Transmission of waves take place in the electromagnetic (EM) spectrum. The carrier frequency of the data is expressed in cycles per second called hertz(Hz). Low frequency signals can travel for long distances through many obstacles but can not carry a high bandwidth of date while high frequency signals can travel for shorter distances through few obstacles and carry a narrow bandwidth. Also the noise effect on the signal is inversely proportional to the power of the radio transmitter. The three broad categories of wireless media are:
1. Radio – 10 Khz to 1 Ghz. It is broken into many bands including AM, FM, and VHF bands. The Federal communications Commission (FCC) regulates the assignment of these frequencies. Frequencies for unregulated use are:
o 902-928Mhz – Cordless phones, remote controls.
o 2.4 Ghz
o 5.72-5.85 Ghz
2. Microwave
o Terrestrial – Used to link networks over long distances but the two microwave towers must have a line of sight between them. The frequency is usually 4-6GHz or 21-23GHz. Speed is often 1-10Mbps. The signal is normally encrypted for privacy. Two nodes may exist.

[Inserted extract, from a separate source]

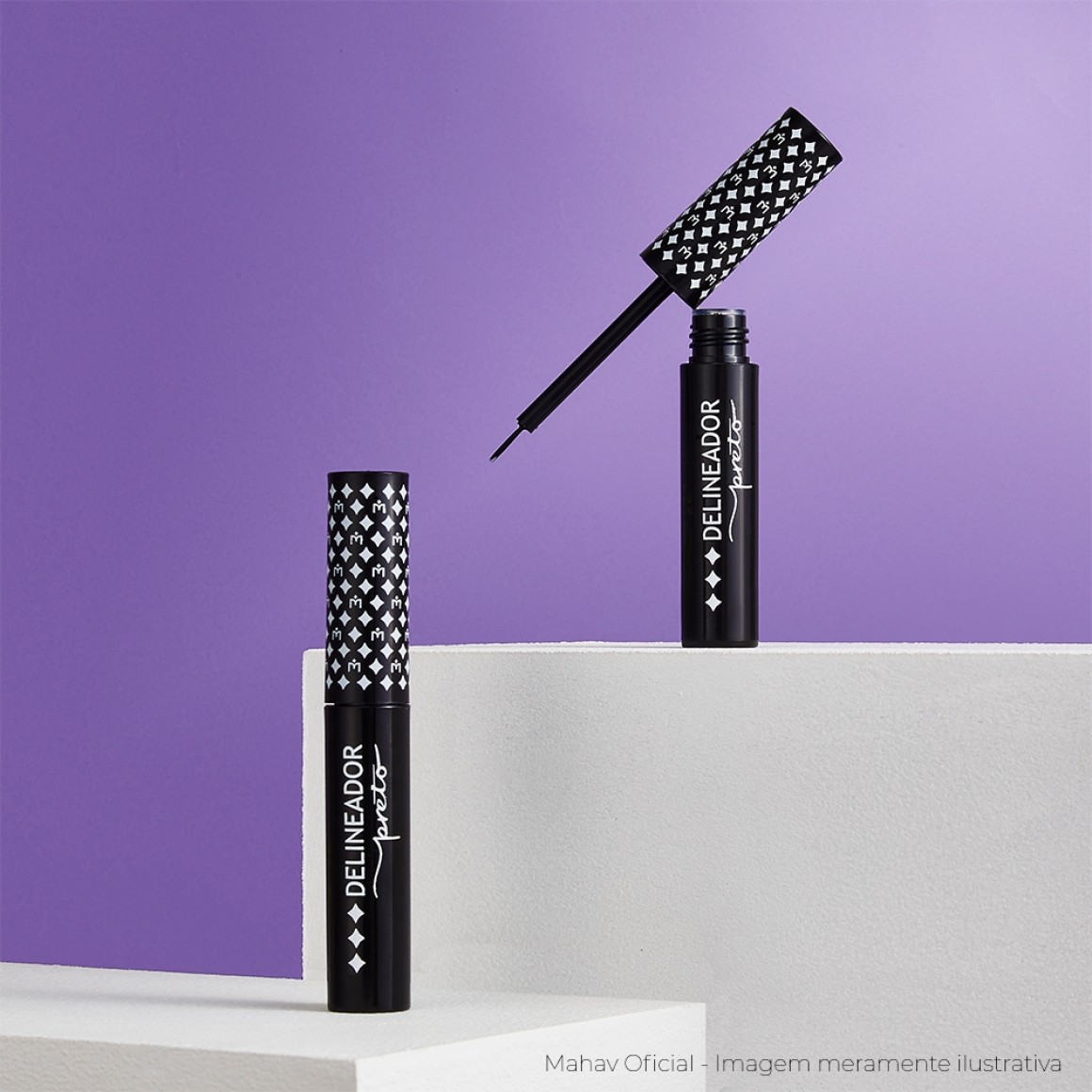 Delineador líquido preto. Bem pigmentado, é ideal para dar destaque aos olhos com delineado perfeito. Delineador Líquido Preto tem o pincel aplicador com ponta fina, proporcionando criar traços finos, delicados e precisos ou mais grossos, como você preferir. Sua fórmula garante secagem rápida.

o Satellite – A satellite orbits at 22,300 miles above the earth which is an altitude that will cause it to stay in a fixed position relative to the rotation of the earth. This is called a geosynchronous orbit. A station on the ground will send and receive signals from the satellite. The signal can have propagation delays between 0.5 to 5 seconds due to the distances involved. The transmission frequency is normally 11-14GHz with a transmission speed in the range of 1-10Mbps.
3. Infared – Infared is just below the visible range of light between 100Ghz and 1000Thz. A light emitting diode (LED) or laser is used to transmit the signal. The signal cannot travel through objects. Light may interfere with the signal. The types of infared are
o Point to point – Transmission frequencies are 100GHz-1,000THz . Transmission is between two points and is limited to line of sight range. It is difficult to eavesdrop on the transmission. The speed is 100Kbps to 16Mbps
o broadcast – The signal is dispersed so several units may receive the signal. The unit used to disperse the signal may be reflective material or a transmitter that amplifies and retransmits the signal. Normally the speed is limited to 1Mbps. The transmission frequency is normally 100GHz-1,000THz with transmission distance in 10’s of meters. Installation is easy and cost is relatively inexpensive for wireless.
Terms:
• wireless bridge – Microwave or infared is used between two line of site points where it is difficult to run wire.
• CDPD – Cellular Digital Packet Data will allow network connections for mobile users using satellites.